To understand the importance of the frontal-subcortical circuits of interest, a review of subcortical targets is essential. All three circuits connect through the basal ganglia . The basal ganglia are a group of nuclei situated at the base of the forebrain and include the striatum (caudate nucleus and putamen), the globus pallidus, the substantia nigra, the nucleus accumbens , and the subthalamic nucleus, each with its own complex internal anatomical and neurochemical organization. These nuclei are involved in varied functions, including voluntary motor control, procedural learning, including those involved in behavior and habits, eye movements, as well as cognitive and emotional functions [29]. The most unified, current theory relating the varied nuclei suggests that they are all involved in action selection or the decision of which of several possible behavioral actions to take at any given time [30]. Experimental evidence indicates the basal ganglia inhibit a number of motor systems, wherein discontinuation of this inhibition allows a given motor system to become active. The action selections by the basal ganglia are heavily influenced by input from the prefrontal circuitry described [31, 32]. Lesions in the circuitry connecting the frontal lobes to the basal ganglia can generate disorders closely resembling frontal lobe lesions. These “striatal” syndromes have not been extensively studied, but disinhibition and executive dysfunction are documented consequences [32].
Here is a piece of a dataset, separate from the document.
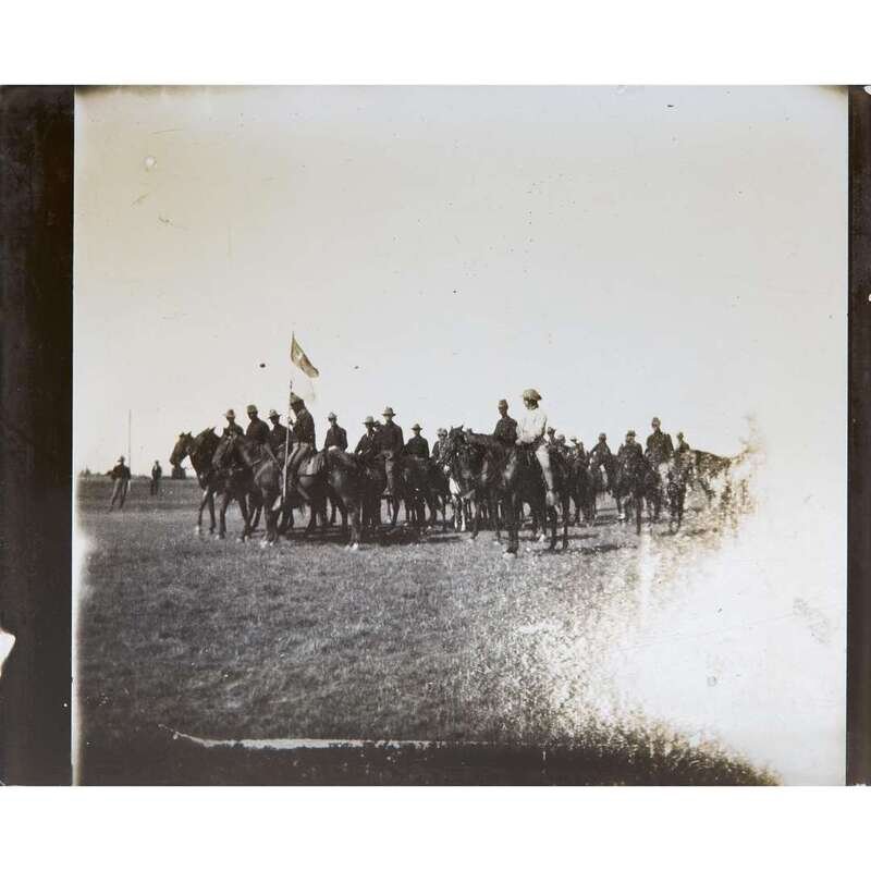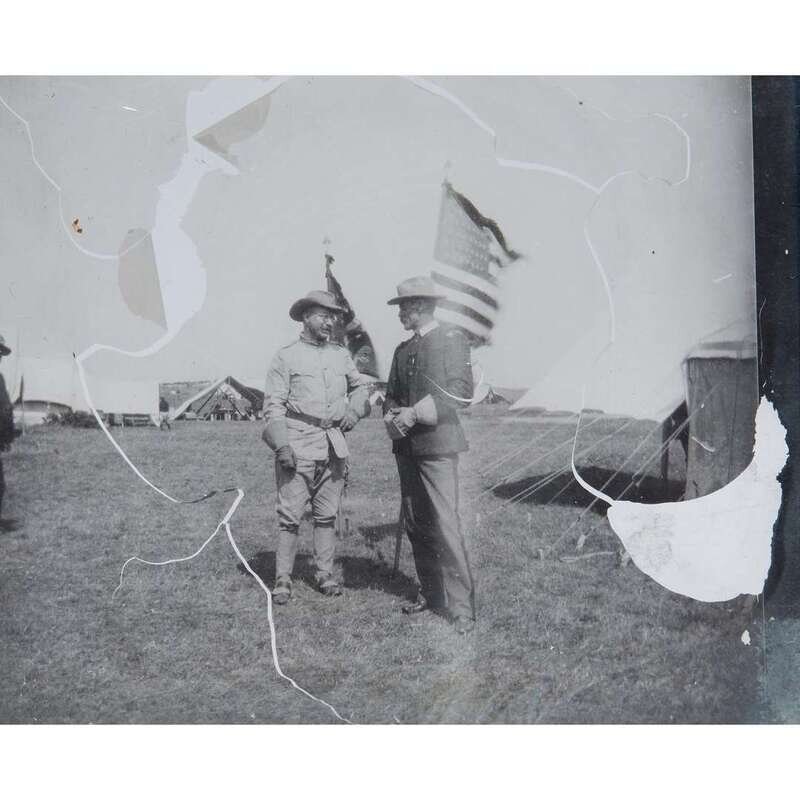 Likely Camp Wikoff at Montauk Point, New York, and Tampa, Florida, ca. 1898. Group of 54 contemporary glass lantern slides depicting American soldiers of the 1st United States Volunteer Cavalry, and others, famously remembered as the "Rough Riders," during the Spanish-American War. Each slide measuring 3 1/4 x 4 1/4 in. (82 x 108 mm). Some slides with later numbering labels; many slides worn, with glass cracked and chipped; original tape along many slide edges perished or separating, one slide with tape replaced in corners; many slides now separated into two glass sheets; numerous slides oxidizing; in wooden box.

Lesions in basal ganglia structures are implicated as the major substrate for a number of neurological conditions. Movement disorders, including Parkinson’s and Huntington’s disease, are associated with the degeneration of dopamine -producing cells in the substantia nigra pars compacta and damage to the striatum, respectively [30, 33]. Parkinson’s patients exhibit depression, dementia and confusional states. Dysfunction in the basal ganglia are also implicated in disorders of behavior control, including Tourette’s syndrome, hemiballismus, and obsessive-compulsive disorder (OCD) [34]. Additionally, positron emission tomography studies of patients with OCD show increased metabolic function in the frontal lobes, cingulum, and caudate nucleus [34].
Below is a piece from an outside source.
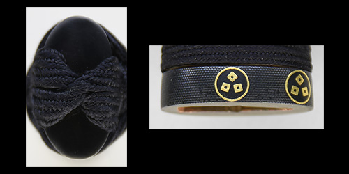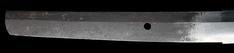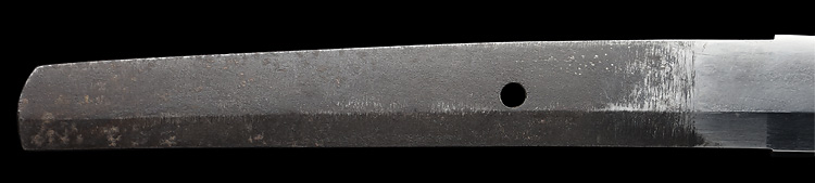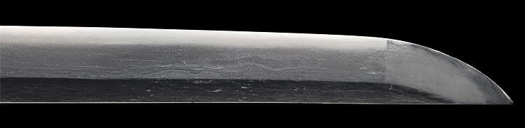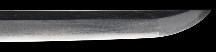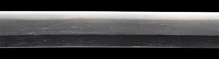 本造り庵棟 うぶ茎 板目肌、杢交じりやや大肌顕われ詰む。地沸微塵につき、細かな地景顕われ、白気映り立つ。刃紋は湾れに互の目交じる。匂い口やや深めに、沸、小沸つく。湯走りかかり、僅かに小足、葉働く。金筋、砂流しかかり明るく冴える。重ね厚くガッシリとsた海部刀です。黒呂塗鞘打刀拵付き。

Arguably, more critical to the success of psychosurgery are the functions and neuroanatomy of the limbic system. The system was named by Paul Broca, with limbic originating from the Latin limbus, meaning “border”, as it lies between two functionally different portions of the brain; the neocortex, which mediates external stimuli, and the brainstem, which mediates internal stimuli [35, 36]. The limbic lobe is an intricate set of brain structures, broadly consisting of the arcuate convolution of the cingulate and parahippocampal gyri of the medial aspect of the cerebral hemispheres [37, 38]. These arcuate structures are situated around the thalamus bilaterally, composed of a conglomerate of structures from the telencephalon, diencephalon, and mesencephalon. The limbic system also includes the olfactory bulbs, hippocampus, amygdala, anterior thalamic nuclei, fornix, column of fornix, mammillary body, septum pellucidum, habenular commissure, cingulate gyrus, parahippocampal gyrus, limbic cortex and limbic midbrain regions [39]. These structures have myriad functional capacities, including memory, emotion, behavior, motivation, long-term memory, and olfaction. It is best known as the central system for human emotion and memory formation, and includes the famed Papez circuit [3739].

The location and role of the limbic system as mediator between internal and external stimuli as reported by the neocortex and primitive brain allow it to regulate the complex processes of subjective, somatic, visceral, and behavioral stimuli integration and modulation necessary for emotional experience. Reciprocal connections converge in the amygdala, symmetric almond shaped nuclei positioned at the anterior end of the hippocampi, which are critically important in emotional processing and memory [40]. Lesions in the amygdala in rhesus monkeys results in the Kluver-Bucy syndrome, characterized by limited emotional arousal regardless of presence or absence of threatening stimuli, hypersexuality, hyperorality, hyperphagia, amnesia and agnosia [41].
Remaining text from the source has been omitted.